What this task involves.
From the first line of the material through the line that holds "When starting TIBCO", repeat each line exactly and skip any picture.
#####
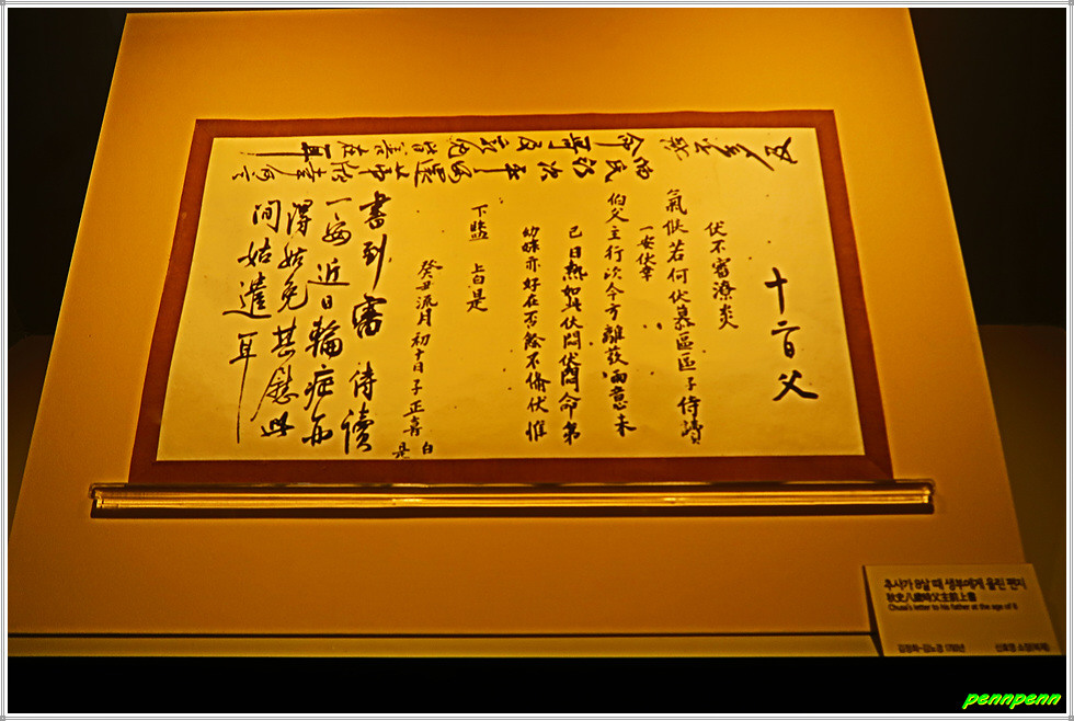 추사는 불과 8세 때 아들이 없는 큰 아버지(김노영)의 양자가 되었는데 이때 친아버지에게 보낸 편지(아버지를 기리는 마음과 동생들의 안부, 그리고 학문에 매진한다는 소식을 전함)가 지금도 남아 있어 그의 효심과 형제간 우애를 엿볼 수 있습니다.
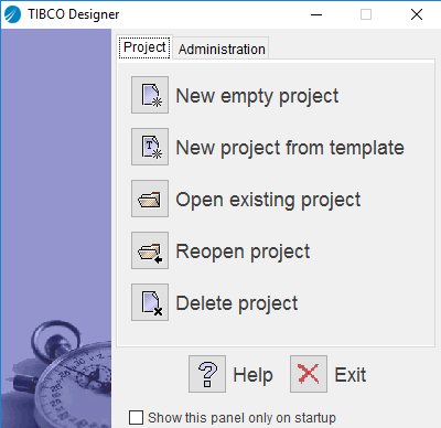 When starting TIBCO Designer, you must create or select a project. A project contains the configuration files that define options used by a runtime plug-in. After a project is configured, it is converted to a repository file and available for use by the runtime plug-in.
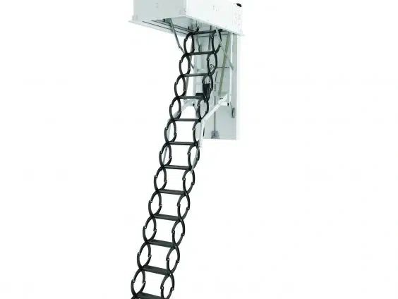 The Fakro LST Metal Scissor Loft Ladder is not only elegant and modern but also highly practical. It comes equipped with a 3.6cm thick insulated hatch as standard, a wooden box with quick-fit brackets and a hatch opening mechanism that guarantees safe folding and unfolding.
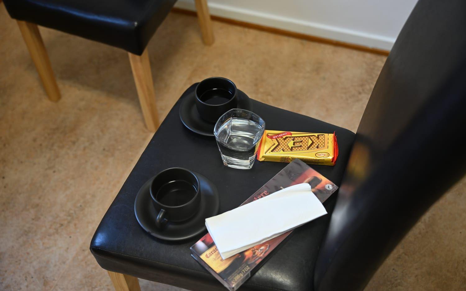 Där har Mushtaq Taleb Alobaidy ställt fram kaffekoppar på en stol och format två andra runt ett obefintligt bord. Han flyttade nyligen in, och väntar fortfarande på de flesta möbler. Men det som skulle flyttas från huset ett stenkast bort, fick han hjälp från Jonseredsbor med.
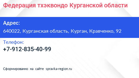 Федерация тхэквондо Курганской области по адресу 640022, Курганская область, Курган, Кравченко, 92 в дальнейшем Организация, размещена в следующих категориях:
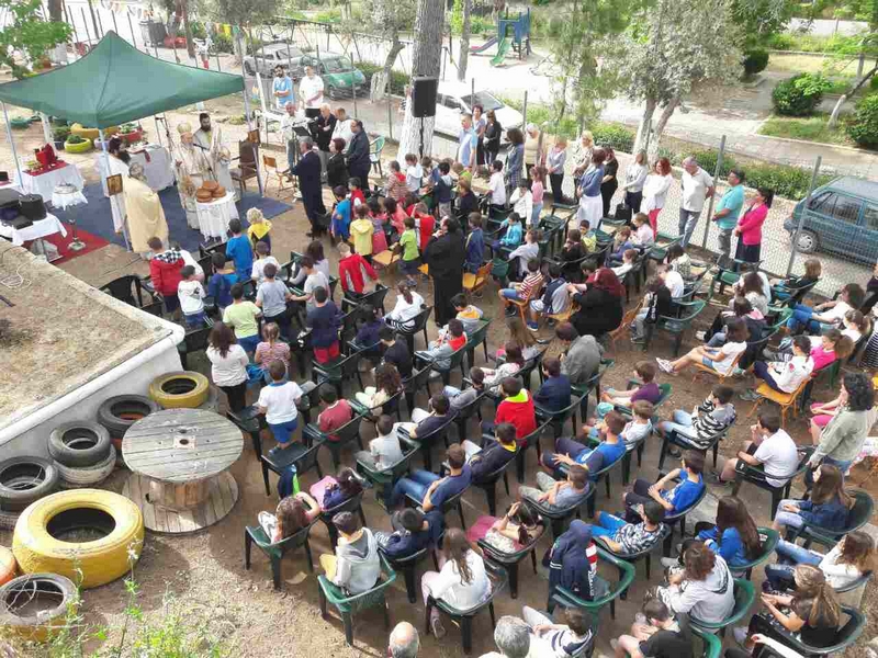 Η Θεία Λειτουργία, στην οποία συλλειτούργησαν με τον Σεβασμιώτατο Μητροπολίτη Χαλκίδος ο Αρχιμ. Νεκτάριος Ευγενικός, Ιεροκήρυξ της Ι. Μητροπόλεως, ο Πρωτοπρεσβ. Γεώργιος Μωραΐτης, Εφημέριος της Ενορίας και ο Διάκ. Νικόλαος Πριμηκύριος, με την παρουσία και τοῦ Διευθυντού Πρωτοβάθμιας Εκπαίδευσης Εύβοιας κ. Κωνσταντίνου Ζημιανίτη, του Σχολικού Συμβούλου κ. Δημητρίου Μυτάκου, της Δημοτικής Συμβούλου κ. Αικατερίνης Καλαμιώτου, εκπαιδευτικών και γονέων, ετελέσθη στον κήπο του σχολείου, τον οποίον με πολλή αγάπη, μεράκι, φαντασία και όραμα, μαθητές, γονείς και δάσκαλοι μεταμόρφωσαν σε «Κήπο των Ευχών», όπως χαρακτηριστικά των ονόμασαν.
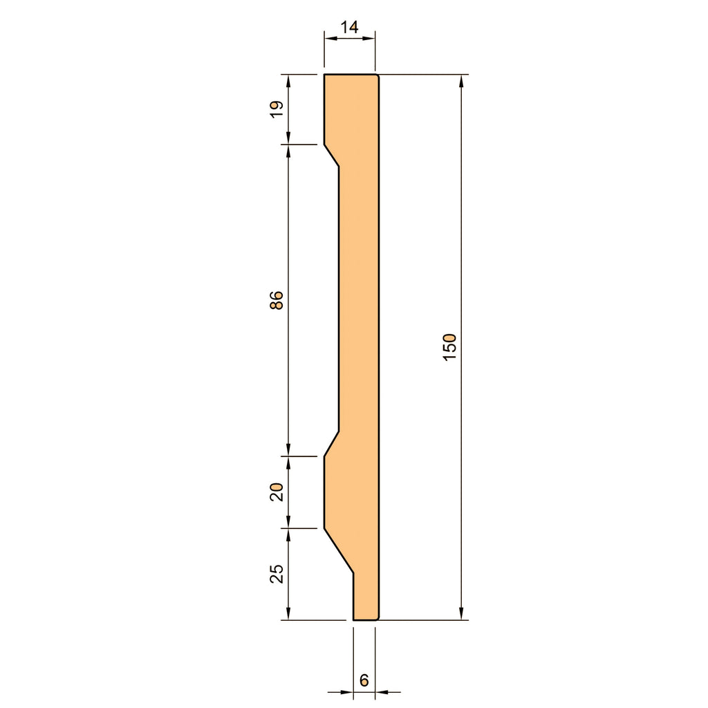 15 cm wysokości - 1,5 cm grubości - długość całego pręta 2 metry
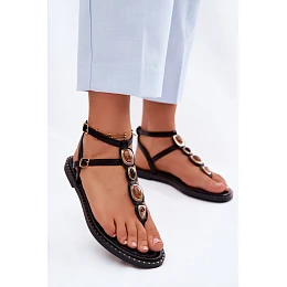Dámské sandály typu žabky vyrobené z eko kůže jsou stylovou a pohodlnou volbou na teplé dny. Plochý tvar zajišťuje komfort nošení a dvojité zapínání na sponu umožňuje ideálně přizpůsobit botu noze. Přední část zdobí výrazné bižuterní ozdoby, které dodávají celku eleganci a přitahují pozornost. Ideální pro letní stylizace – jak na každý den, tak na výjimečné příležitosti. Při výběru velikosti se řiďte tabulkou velikostí.
#####
Output for this task.
 추사는 불과 8세 때 아들이 없는 큰 아버지(김노영)의 양자가 되었는데 이때 친아버지에게 보낸 편지(아버지를 기리는 마음과 동생들의 안부, 그리고 학문에 매진한다는 소식을 전함)가 지금도 남아 있어 그의 효심과 형제간 우애를 엿볼 수 있습니다.
 When starting TIBCO Designer, you must create or select a project. A project contains the configuration files that define options used by a runtime plug-in. After a project is configured, it is converted to a repository file and available for use by the runtime plug-in.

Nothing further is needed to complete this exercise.